More from the Mindset series # 8. This one is really important – and I will admit not always easy for me.
Fortunately, life gives us lots of opportunities to practice this one – which is all about “Acknowledging the Negative Thoughts” AKA the self-critic.Think of your negative thoughts as an untrained, jumping, barking dog. You can try and ignore them, tell them “no,” or turn on Netflix to tune them out, but they’ll keep hounding you until you give them some attention.That’s their job, after all — to convince you to tune in. So, once you’re aware of the negative thoughts, listen to what they have to say. Whether you’re at home or work, find a quiet place to pause and ground yourself.Close your eyes. Relax your brow. Release your jaw. Draw your shoulders up toward your ears, then roll them backward and down your spine. Open up your heart space. Take a few deep breaths deep into your low belly and ask, “Negative thoughts, why are you here?”
You may be surprised by the answer. You may think it’s about something that happened earlier in the day, yet there’s a chance that your current situation reminds you of a wound from your past that still needs to be healed, making you feel that much worse.
If you find it difficult to sit still and tune into your thoughts, that’s OK.
You might find it easier to process these emotions or thoughts by walking in nature by yourself, journaling in a stream of consciousness, or working with paints or colored pencil
Recently, I experienced a flood of negative thoughts. I found myself on
Mother’s Day back in the town where I grew up. My daughter and I decided to get bagels at a favorite place only to find a very long line.

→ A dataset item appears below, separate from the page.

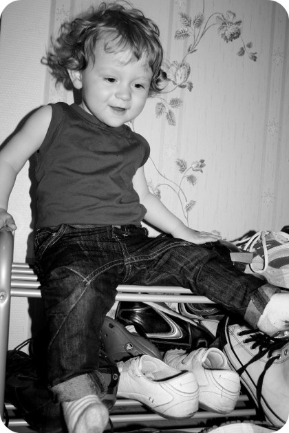 Idag satte jag en ärmlöst linne och födelsedagsjeansen på Isaac. Då blev han plötsligt en stor kille. En hunk! Bland skor!

I wanted something special for breakfast – now turning into brunch as the clock ticked on and on but every restaurant was really crowded (note to self: plan ahead if you want to eat out or carry out on Mother’s Day).
I looked out the car window and saw all these people celebrating their moms and all I could think of was the decades that I didn’t get to celebrate having lost my mother when I was 9. It was like a rain storm formed in my eyes and wanted to rush down my face.

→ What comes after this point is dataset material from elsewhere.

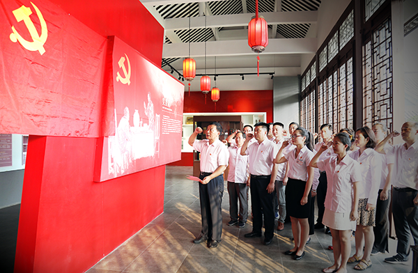 在高沟酒非遗保护区“红色高沟”陈列室,yl9193永利酒业党委书记、董事长周素明带领党群党支部党员重温入党誓词。

While I was grateful to be with my 15-year-old and this present
moment didn’t escape me, the pain and critical thoughts roared in my head. They kept saying. “Why didn’t my family plan anything for me this year” (long story), “maybe I don’t deserve to be honored on Mother’s Day…” “How can I really do a good job as a mom having not had one for so long?” I became really aware and acknowledged these thoughts and let them be. After all, the pain of losing someone never goes away and some days (like for me this past Mother’s Day) we get triggered and it really hurts. I needed to acknowledge the negative thoughts that came up with my sadness and pour on the empathy for myself, so I could feel the real pain. I know my critic was letting me know that I needed space to process this old pain (working on that!).

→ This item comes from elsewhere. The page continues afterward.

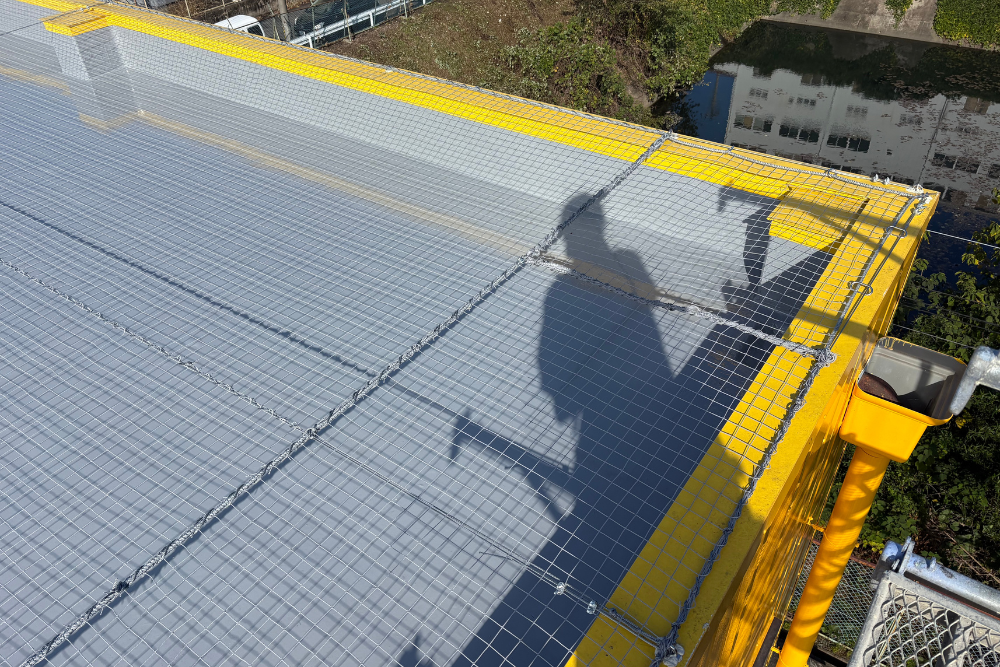 パラペットの笠木部分にアイプレート・ワイヤーロープを設置し、ネットを水平に展開。

How do you do with creating space to acknowledge your self-critic. We all have one (or many!). Is it easy or hard for you to acknowledge, be and ask your negative thoughts what they are really telling you? Why are they here and what can we learn from them? Can you give yourself empathy once you acknowledge these thoughts?
I promise you – once we keep practicing these Mindset techniques in our daily life — we live in more health, joy, love — and in the moment.